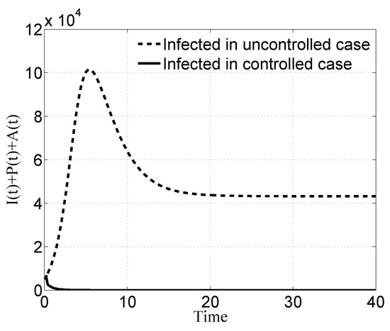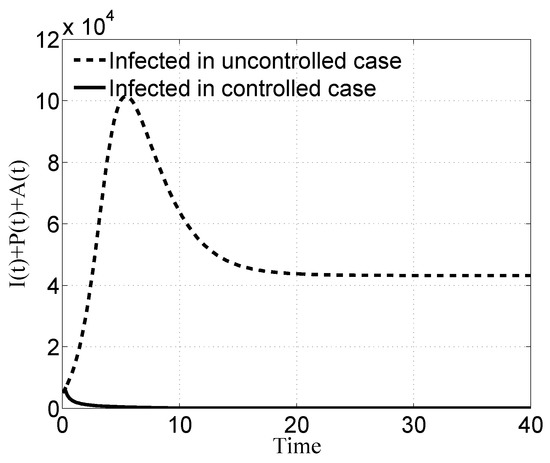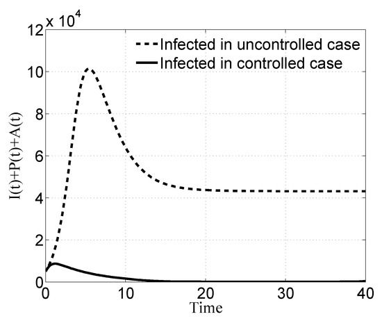 Also in this case, the overall effectiveness of the optimal control action is well evidenced from Figure 14, where the total number of infected people I, P and A is depicted along with the corresponding uncontrolled evolution, and from Figure 15, where the time history of the total population is reported. The shapes are very similar to the case .
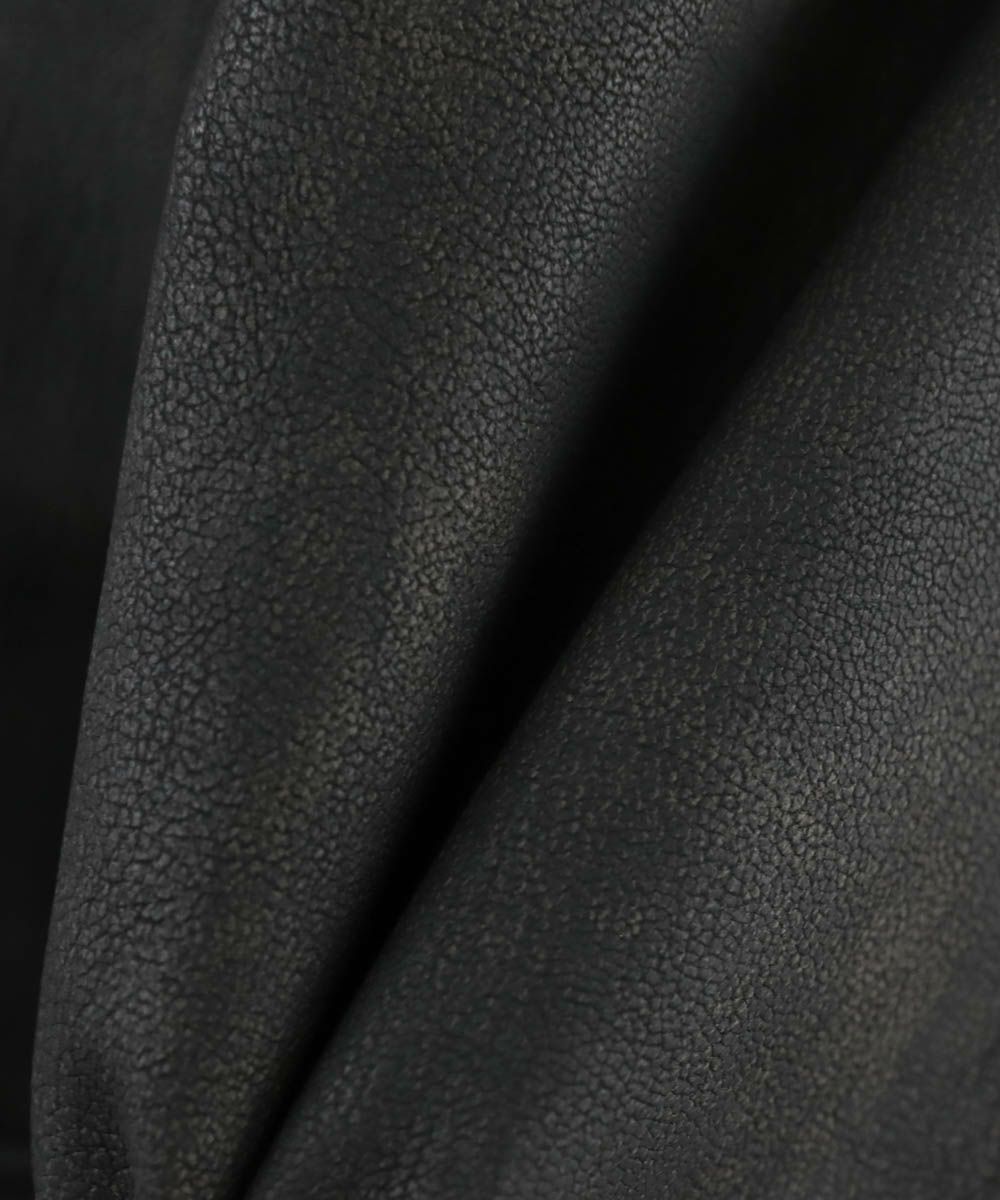 本革のようなシボ感を表現した合成皮革を使用しています。光沢感を抑えたマットな質感にこだわり、落ち着いた印象で着用いただけます。ポリエステル素材なので、汚れてもサッと拭いてお手入れできる気軽さが魅力です。
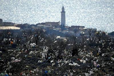 Novi Vinodolski, 01.03.2012. - Proizvodnja plastičnih vrećica je neograničena, cijena je prihvatljiva, uporaba je jednostavna. U Hrvatskoj, uporaba plastičnih vrećica nije kažnjiva ili zabranjena. Toga još nema u europskom zakonodavstvu, nedostižnom nam uzoru koji svi slijepo slijedimo bez riječi. Ako Europa strogo zabrani uporabu plastičnih vrećica (zbog slabog tržišta ili manjkavog profita) i mi ćemo ih smjesta zabraniti. Naša susjeda Italija ih je (na svoju ruku) zabranila, a mi možemo svakodnevno gledati ovakve prizore s pogledom na Novi Vinodolski čija turistička zajednica ima zgodan slogan: korak do mora, dva do snijega. Novi slogan mogao bi uskoro glasiti: korak do mora - dva do smetlišta. Snimio Romeo Ibrišević

**About this task**
Copy each line above precisely, dropping the pictures.

**Result for this task**
 Also in this case, the overall effectiveness of the optimal control action is well evidenced from Figure 14, where the total number of infected people I, P and A is depicted along with the corresponding uncontrolled evolution, and from Figure 15, where the time history of the total population is reported. The shapes are very similar to the case .
 本革のようなシボ感を表現した合成皮革を使用しています。光沢感を抑えたマットな質感にこだわり、落ち着いた印象で着用いただけます。ポリエステル素材なので、汚れてもサッと拭いてお手入れできる気軽さが魅力です。
 Novi Vinodolski, 01.03.2012. - Proizvodnja plastičnih vrećica je neograničena, cijena je prihvatljiva, uporaba je jednostavna. U Hrvatskoj, uporaba plastičnih vrećica nije kažnjiva ili zabranjena. Toga još nema u europskom zakonodavstvu, nedostižnom nam uzoru koji svi slijepo slijedimo bez riječi. Ako Europa strogo zabrani uporabu plastičnih vrećica (zbog slabog tržišta ili manjkavog profita) i mi ćemo ih smjesta zabraniti. Naša susjeda Italija ih je (na svoju ruku) zabranila, a mi možemo svakodnevno gledati ovakve prizore s pogledom na Novi Vinodolski čija turistička zajednica ima zgodan slogan: korak do mora, dva do snijega. Novi slogan mogao bi uskoro glasiti: korak do mora - dva do smetlišta. Snimio Romeo Ibrišević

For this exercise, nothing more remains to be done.